Common misconceptions
Students think the earth wire carries current in normal operation — the earth wire only carries current if there is a fault. Students confuse the fuse (protects the appliance/wiring, in the plug) with the earth wire (protects the user from electric shock). Students think AC means the electrons travel alternately in both directions equally — electrons oscillate back and forth but the net charge flow (power transfer) is in one direction.
Difficulty levels
Recognises that electrical appliances transfer energy, knows the difference between a.c. and d.c., and identifies basic electrical safety features (fuses, earth wires, insulation).
Example task
State two differences between alternating current (a.c.) from the mains and direct current (d.c.) from a battery.
Model response: A.c. constantly changes direction while d.c. flows in one direction only. UK mains a.c. has a frequency of 50 Hz and a voltage of 230 V, while a typical battery provides 1.5 V d.c.
Calculates electrical power using P = IV and P = I²R, determines energy transferred using E = Pt, and explains how fuses and circuit breakers protect circuits from overheating.
Example task
A 2300 W kettle is connected to the 230 V mains. Calculate the current and select an appropriate fuse (3 A, 5 A, or 13 A).
Model response: I = P/V = 2300/230 = 10 A. The fuse must be rated above the normal operating current but as close as possible.

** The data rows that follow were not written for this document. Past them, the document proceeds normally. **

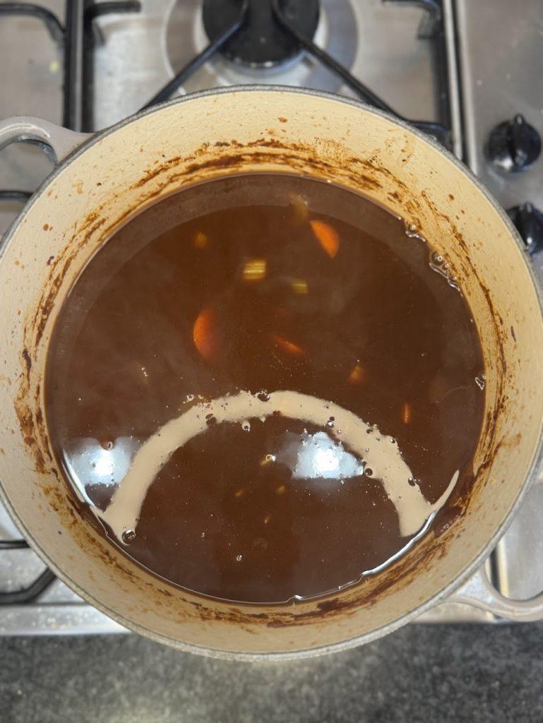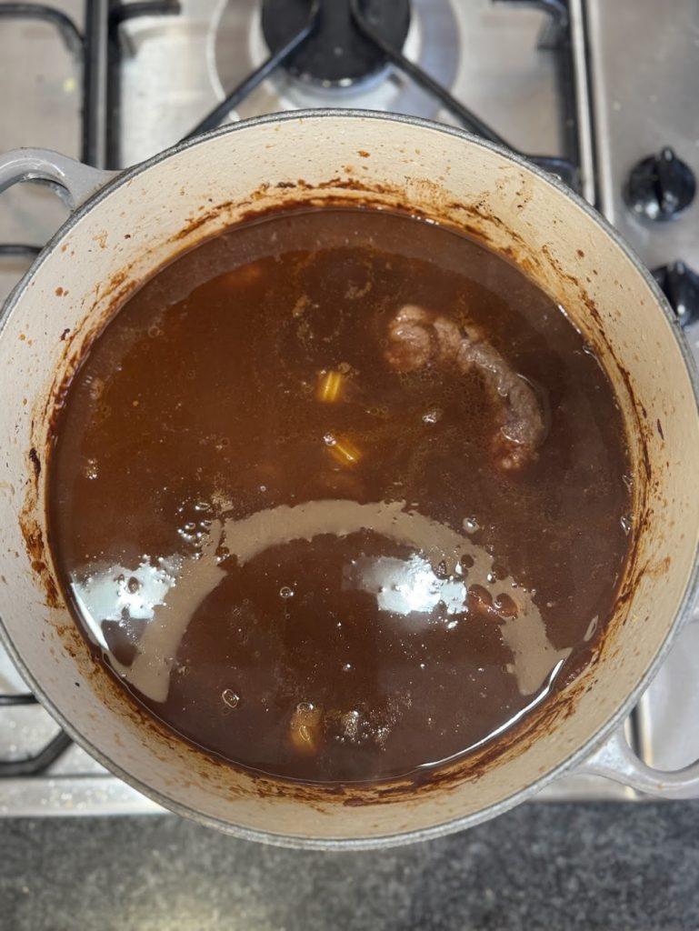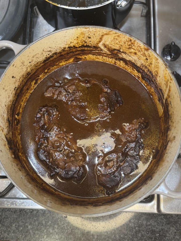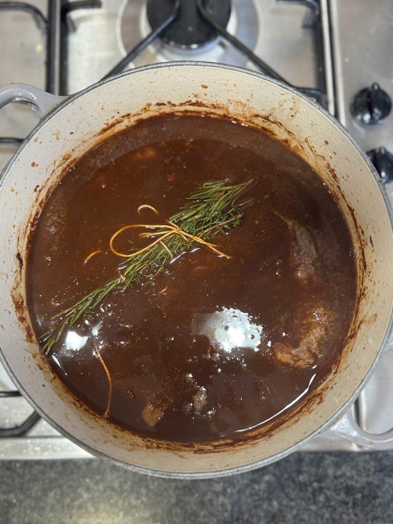 - Add the beef stock in and mix well. Bring it up to heat and then place the beef shin pieces in with the bouquet garni and any juices from the beef. Ensure they are covered and put the lid on the pot and place it in the oven undisturbed for 5 hours.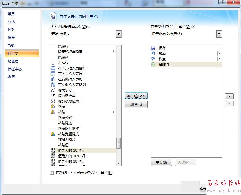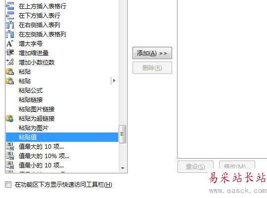 把EXCEL選擇性粘貼數值設置在自定義快速訪問工具欄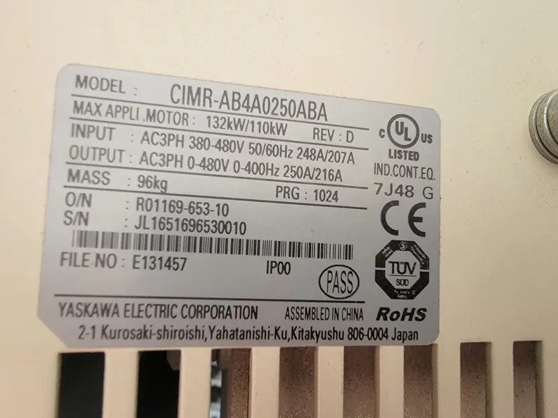 Max Application Motor: 132kW/110kW Input: 3ph, 380-480V 50/60Hz, 248A/207A Output: 3ph, 0-480V 0-400Hz, 250A/216A |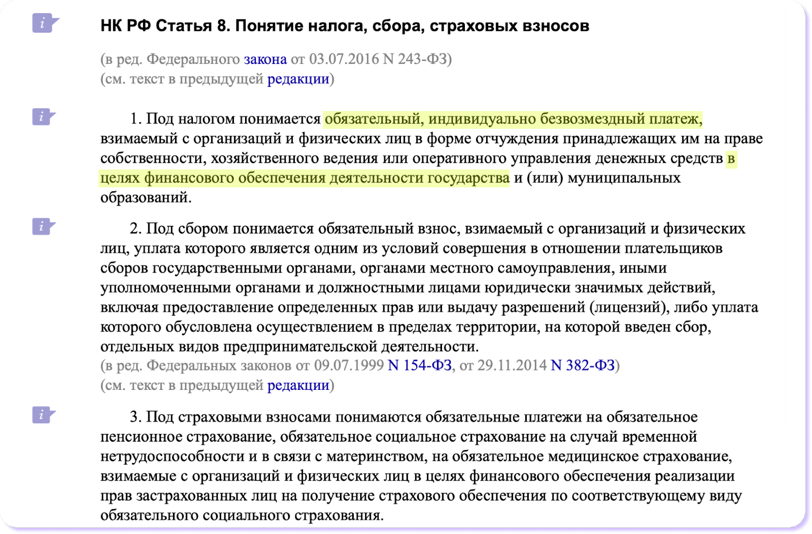 Вот как понятие налога описывается в законе — статье 8 Налогового кодекса РФ: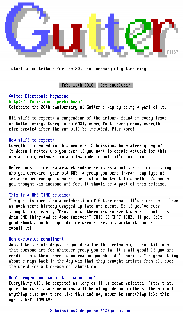 054730m of Gutter e-mag. Every intro ANSI, every font, every menu, everything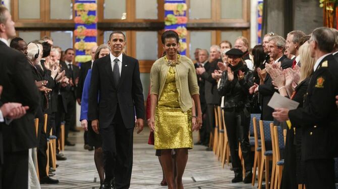 Viel Beifall in Oslo für Friedensnobelpreisträger Barack Obama und seine Frau Michelle.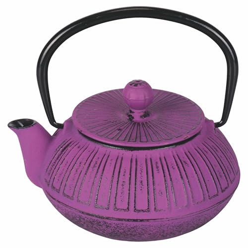 Petite théière en fonte à induction 1 l – Verseuse asiatique violette avec anse et filtre à thé en acier inoxydable – Idéal pour les thés en vrac

A 13 A fuse is appropriate. A 5 A fuse would blow during normal use; a 3 A fuse would also blow.
Applies the National Grid model to explain efficient power transmission, uses P = IV and P = I²R to explain why high voltage reduces energy losses, and calculates energy costs using the kilowatt-hour.
Example task
Explain why the National Grid transmits electricity at 400,000 V rather than at 230 V. Use relevant equations in your answer.
Model response: Power transmitted is P = IV. For a given power, increasing voltage reduces current (I = P/V). Energy dissipated in the cables as heat is P_loss = I²R. Since current is squared, halving the current reduces heating losses by a factor of four. Transmitting at 400,000 V keeps current very low, minimising I²R losses in the long cables. Step-up transformers increase voltage at the power station; step-down transformers reduce it to 230 V for homes.
Evaluates the efficiency and safety trade-offs in real electrical systems, analyses energy cost scenarios with multiple appliances, and critically discusses the advantages and limitations of different generation and distribution methods.
Example task
A household has two options for water heating: a 3 kW immersion heater running for 2 hours daily, or a heat pump rated at 1 kW running for 3 hours with a coefficient of performance of 3. Electricity costs 30p per kWh. Compare the annual costs and energy efficiency of each system.
Model response: Immersion heater: daily energy = 3 × 2 = 6 kWh, annual cost = 6 × 365 × 0.30 = £657. Heat delivered = 6 kWh. Heat pump: daily electrical energy = 1 × 3 = 3 kWh, but COP of 3 means heat delivered = 3 × 3 = 9 kWh. Annual cost = 3 × 365 × 0.30 = £328.50. The heat pump costs half as much while delivering 50% more heat, because it moves thermal energy from outside rather than converting electrical energy directly. However, the heat pump has higher installation costs, lower COP in cold weather, and the comparison assumes constant COP, which is an idealisation.
Delivery rationale
Secondary science knowledge concept — factual/theoretical content with clear misconceptions to diagnose.